Relationships Among Resources

Michael T. Zimmermann

2021-11-14

Identify relationships between genesets

A feature of RITAN is the ability to account for false-discovery rates across resources. However, the relationships among genesets is not always obvious. That is, two resources may each have a term that is highly similar if not identical to the other. Ideally, you would pick one of these terms to use, prior to analysis. The function geneset_overlap() helps with this process by identifying terms that have considerable overlap and merging them.

library(RITANdata)
library(RITAN)
# Show the fraction of genes common to multiple disease-gene relationships.
o <- geneset_overlap( geneset_list$DisGeNet )
plot( density(c( o[upper.tri(o)] )), log='y', ylim = c(1e-3, 1e3),
      main='', xlab='Fraction Shared Genes', ylab='Prob()')

# Show the diseases and their gene-level overlap, when each disease has some overlap of at least 80%.
diag(o) <- NA # ignore self-overlap
i <- which( o > 0.8, arr.ind = TRUE )
mat <- o[ unique(i[,1]), unique(i[,2]) ]
heatmap( mat, col = rev(gray(seq(0,1,length.out = 15))),
         cexRow=.7, cexCol=0.7, margins = c(7,7) )

# Show the fraction of genes common between disease-gene relationships and GO-Slim term definitions
o <- geneset_overlap( geneset_list$DisGeNet, geneset_list$GO_slim_generic )
o <- o[ , !( colnames(o) %in% c('biological_process', 'molecular_function', 'cellular_component')) ] # remove the root of each sub-ontology
plot( density(c(o)), log='y',
      main='', xlab='Fraction Shared Genes', ylab='Prob()')

# Show the heatmap for relationships where a disease and term share 95% of genes in common
i <- which( o > 0.95, arr.ind = TRUE )
mat <- o[ unique(i[,1]), unique(i[,2]) ]
heatmap( mat, col = rev(gray(seq(0,1,length.out = 15))),
         cexRow=.7, cexCol=0.7, margins = c(7,7) )

###The overlapping genesets can themselves be highly informative. For instance, perhaps the diseases known to involve genes responsible for chromosome organization is of great interest to you. You can combine the available resources in RITAN to rapidly identify this intersection of genesets.

rownames(o)[ o[ , "chromosome_organization" ] > 0.66 ]
## [1] "Coffin-Siris syndrome"                        
## [2] "Leukemia, Myeloid"                            
## [3] "Leukemia, Megakaryoblastic, of Down Syndrome" 
## [4] "Colorectal Neoplasms, Hereditary Nonpolyposis"
## [5] "Malignant neoplasm breast"

Thus, having many term resources in one place, such as RITAN, facilitates knowledge integration.

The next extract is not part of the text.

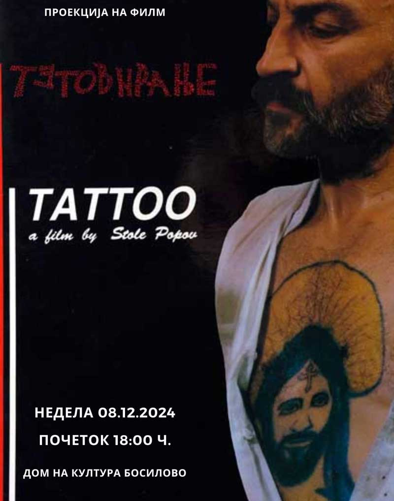 Во недела, 8 декември во 18:00 часот во Домот на културата во Босилово ќе се прикажува „Тетовирање“ – македонски филм, режиран од Столе Попов, главната улога ја игра Мето Јовановски.

Features such as these can be combined to investigate the relationships among knowledge resources and the results used in further studies.

The combination of diseases and function relationships (e.g. diseases related to cell motility) can be combined to make a new geneset. This new geneset can then be used within term_enrighment() to annotate your own datasets.

d <- rownames(o)[ o[ , "cell_motility" ] > 0.66 ]
str(d)
##  chr [1:20] "Kartagener Syndrome" "Thromboembolism" ...
new_geneset <- intersect( unique(unlist(geneset_list$DisGeNet[d])),
                          unique(unlist(geneset_list$GO_slim_generic$cell_motility)) )
str(new_geneset)
##  chr [1:86] "CCDC40" "DNAH5" "DNAI1" "DRC1" "DYX1C1" "F2" "F7" "GAS6" ...

#We have made a function named resource_reduce, to assist users in focusing on the unique portion of geneset resources.

unique_diseases <- resource_reduce( geneset_list$DisGeNet )
## 
## The input list had 604 terms/genesets.
## The 55 terms with overlaps of 0.80 were merged into 22 composite terms.
## The updated term list with 571 terms will be returned.
unique_disease_slim <- resource_reduce( c(geneset_list$DisGeNet, geneset_list$GO_slim_generic), min_overlap = 0.95 )
## 
## The input list had 746 terms/genesets.
## The 326 terms with overlaps of 0.95 were merged into 29 composite terms.
## The updated term list with 449 terms will be returned.

After running resource_reduce(), the new terms/genesets share less than min_overlap fraction of genes. If min_overlap is set to a high threshold, there will still be strong relatedness within the dataset, but redundant terms will be merged. If min_overlap is set to a lower threshold, the resulting terms will be largely independent, but it is likely that they will be a smaller number of very large terms/genesets (many mergers).

The multiple testing correction used in RITAN will be overly conservative if there are relationships between the terms used.

How stringent to be depends on your application - how the data will be annotated and interpreted.